**TRY IT**: Since the listing below shows pictures, leave them out and write out exactly the lines from the line with "la violencia machista." to the line with "Red Bow Winter", both included, and no others.
╭─ GIVEN DATA
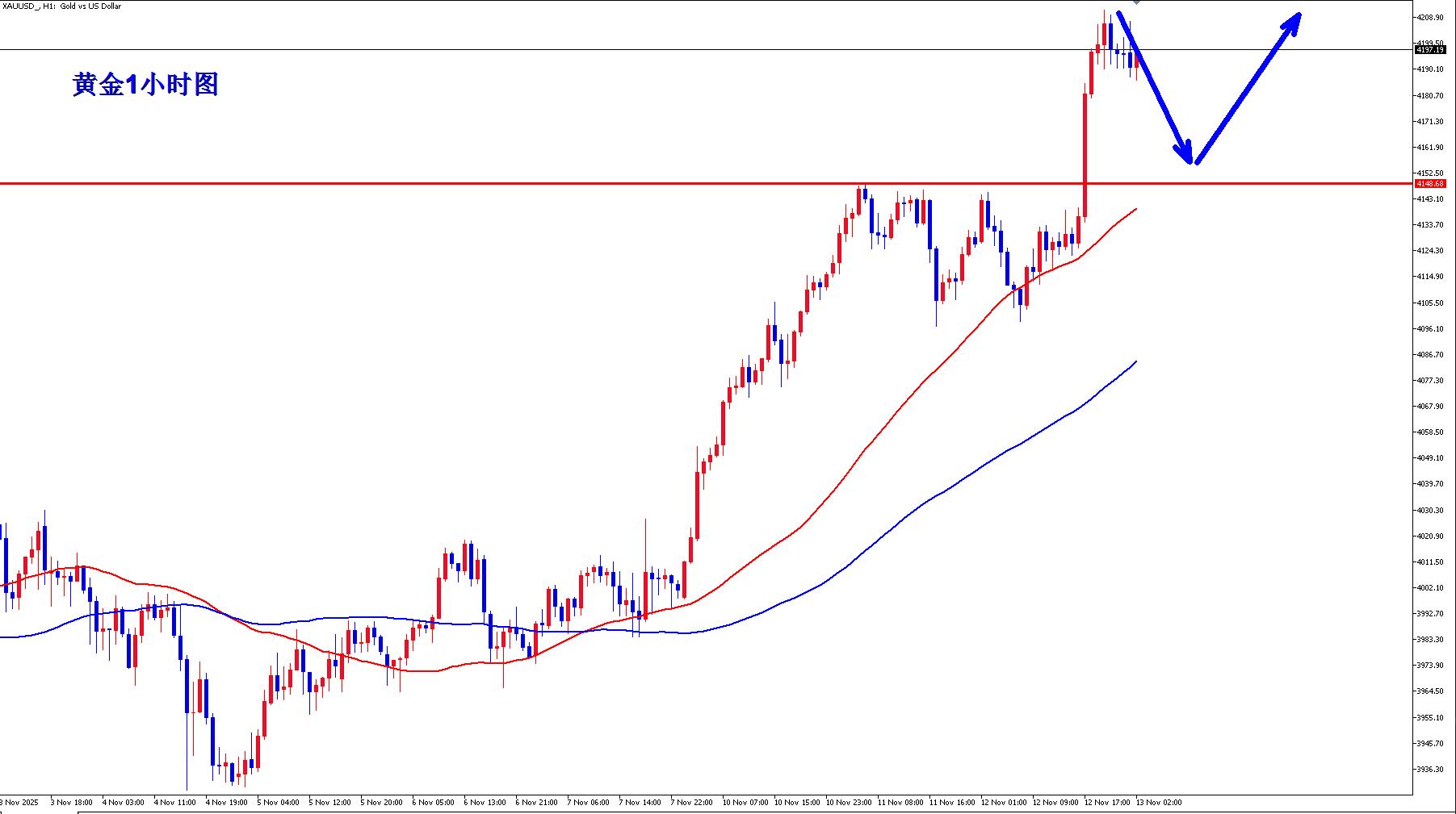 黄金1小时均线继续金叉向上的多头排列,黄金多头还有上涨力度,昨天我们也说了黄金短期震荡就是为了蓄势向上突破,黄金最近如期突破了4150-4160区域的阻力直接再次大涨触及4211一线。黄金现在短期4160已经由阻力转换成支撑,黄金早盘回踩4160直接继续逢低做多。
╰─
╭─ GIVEN DATA
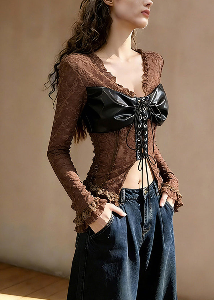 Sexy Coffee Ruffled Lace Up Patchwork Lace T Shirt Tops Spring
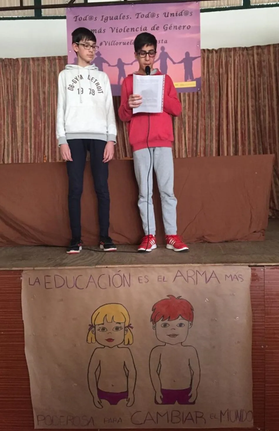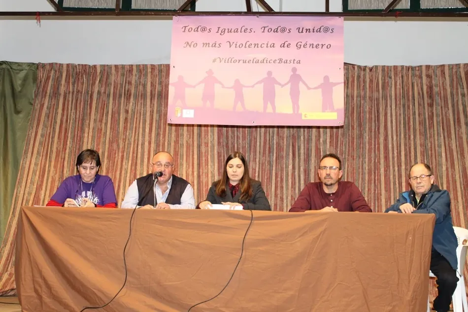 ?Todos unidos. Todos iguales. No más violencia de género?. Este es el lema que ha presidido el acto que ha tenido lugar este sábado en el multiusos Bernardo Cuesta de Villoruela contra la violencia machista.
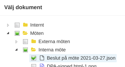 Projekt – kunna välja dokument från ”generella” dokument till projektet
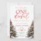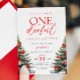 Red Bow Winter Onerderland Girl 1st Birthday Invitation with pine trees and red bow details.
╰─
╭─ GIVEN DATA
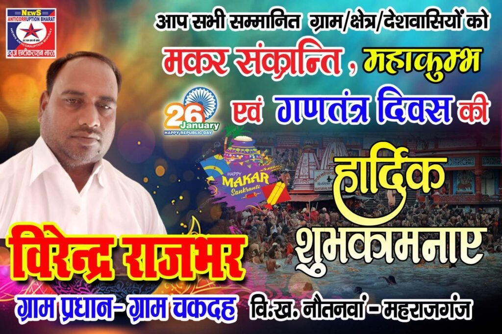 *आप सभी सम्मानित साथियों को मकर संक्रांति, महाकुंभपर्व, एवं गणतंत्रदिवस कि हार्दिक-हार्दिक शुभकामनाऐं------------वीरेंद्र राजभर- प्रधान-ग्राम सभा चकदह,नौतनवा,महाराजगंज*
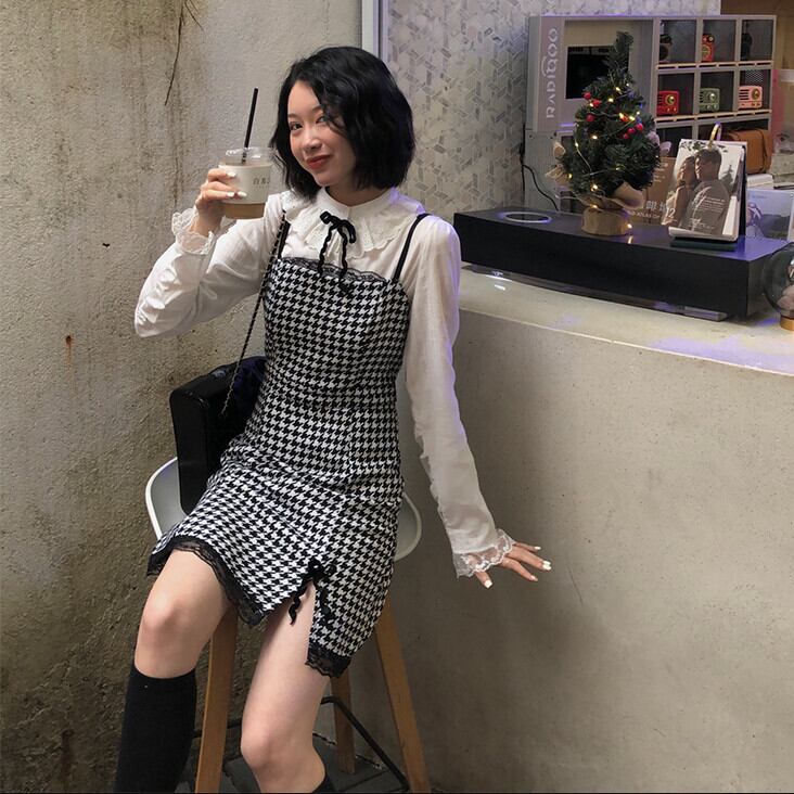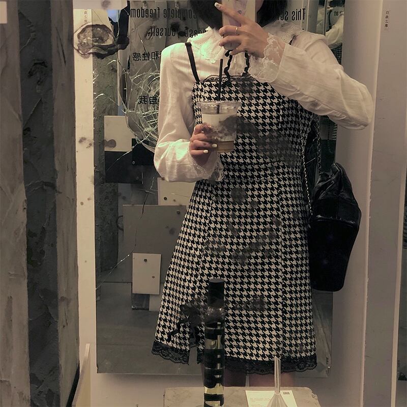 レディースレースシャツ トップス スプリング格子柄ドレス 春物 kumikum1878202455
╰─
**WRITTEN SOLUTION**:
 ?Todos unidos. Todos iguales. No más violencia de género?. Este es el lema que ha presidido el acto que ha tenido lugar este sábado en el multiusos Bernardo Cuesta de Villoruela contra la violencia machista.
 Projekt – kunna välja dokument från ”generella” dokument till projektet
 Red Bow Winter Onerderland Girl 1st Birthday Invitation with pine trees and red bow details.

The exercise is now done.